The best-performing stocks will be outside the US after a decade of underperforming. 3 enticing markets, according to William Blair.

Global stock market

For the last decade, US stocks have outperformed the rest of the world, thanks to low interest rates and high corporate earnings.

But that could be set to change, according to William Blair’s global equity team.

“Several factors are making non-U.S. markets more attractive, including lower valuation, less concentrated opportunity set, and country-specific factors,” the bank said in a recent note.

With inflation and rates lower outside of the US, valuations have become more attractive overseas. And with most of the US stock market’s gains coming from the top 10% of companies, the bank believes that international markets have a more sustainable value creation trajectory.

The bank identified three non-US markets in particular that are positioned for explosive growth opportunities in the coming years: Japan, Europe, and India.


A decade of US outperformance might be coming to an end

The low-interest-rate environment that boosted corporate America and US GDP growth for the last decade could be coming to an end.

While markets are all but certain of a September rate cut after last week’s Jackson Hole symposium, there’s still uncertainty about just how fast and how much the Fed plans to cut. Outside of the country, however, rates are generally expected to be lower, the bank said, creating a better macroeconomic environment for equities.

Additionally, a large part of US outperformance is due to concentration among the biggest companies, with the top 10% of companies responsible for 80% of cash-flow profits and 70% of total market capitalization. This situation makes the US market overdependent on a select few names and susceptible to heightened volatility, the bank said.

Don’t count on the current US winners to remain at the top forever, according to William Blair.

“Historical shifts in the ranks of the largest companies suggest that today’s dominant players may not maintain their positions indefinitely,” the bank said.

Against this backdrop, global trade flows are also changing to favor international equities, according to the bank. Exports between emerging markets are increasing, strengthening the economies of international countries.
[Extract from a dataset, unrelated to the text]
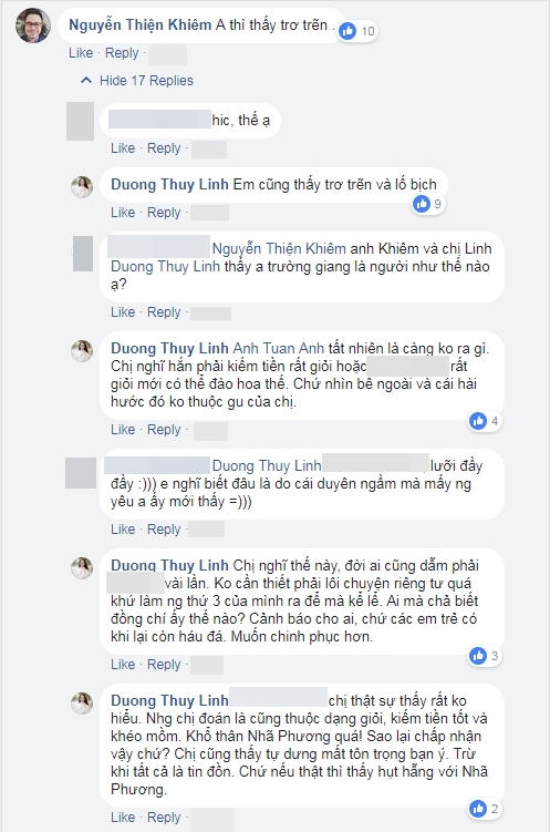Đồng quan điểm với Trang Trần, stylist Nguyễn Thiện Khiêm cho rằng việc Nam Em biết Trường Giang đã có Nhã Phương mà vẫn “đâm đầu” vào rồi lên báo kể lể không phải chuyện hay ho. Anh cũng ngầm chỉ trích cách sống của Trường Giang khiến làng giải trí thêm phần rối ren, khán giả có cái nhìn không hay về đời tư giới nghệ sĩ.

As China develops, other Asian countries are increasing their market share in manufactured goods. And the ongoing conflict between Russia and Ukraine has redirected energy trade routes, resulting in more oil exports redirecting eastward and bolstering the economies of countries like India.


3 rising stars in the global economy

William Blair’s global equity team sees growth opportunities across all areas of the global economy. As shown below, international companies comprise the bulk of sustainable value-creation opportunities within each sector. Sustainable value creation is a metric used by William Blair to judge a company’s quality based on its return on invested capital, return on equity, and free cash flow margin.

The bank believes three markets in particular will take off in the coming years.

Japan has been a hot topic recently, and for good reason — its economy is going through a major transformation. Japanese corporate reforms have materially impacted the economy. New legislation mandating increased board independence, separation of CEO and chair, and more female directors will have long-term benefits to risk management, corporate decision-making, and shareholder value creation, William Blair said.

The bank also shared the following structural forces impacting Japanese markets. The Japanese government has initiated various incentives to encourage citizens to allocate capital into financial instruments instead of savings, driving flows into the Japanese stock market. Constitutional amendments for military expansion are another tailwind to the overall economy. As the Japanese economy emerges from a period of economic stagnation and deflation, the Japanese stock market is showing promising signs of growth.

Europe is also experiencing a period of economic revival as the energy crisis resulting from Russia’s invasion of Ukraine improves. Gas prices have declined as supply becomes less constrained, making it easier for European manufacturers to compete in the global market.

Additionally, William Blair sees individual outperformers in the European market, such as the Danish pharmaceutical company Novo Nordisk (NVO) responsible for the GLP-1 drugs Ozempic and Wegovy. According to Goldman Sachs, the GLP-1 market is set to grow from its current $6 billion to $100 billion by 2030, making it a considerable growth driver for European equities.

Lastly, the bank believes India will become a more prominent player in global markets. Recent bureaucratic reforms have created a more business-friendly economy in India. Digitization initiatives have standardized the country’s payment system. Similar to Japan, capital expenditures in India are also rising, which will support infrastructure and overall economic development.

India’s financial markets are also robust, with roughly 80% of the world’s options contracts having been executed in India in 2023, the bank said. Indian investors are also increasingly looking to raise capital directly from equity markets instead of banks, providing a further boost.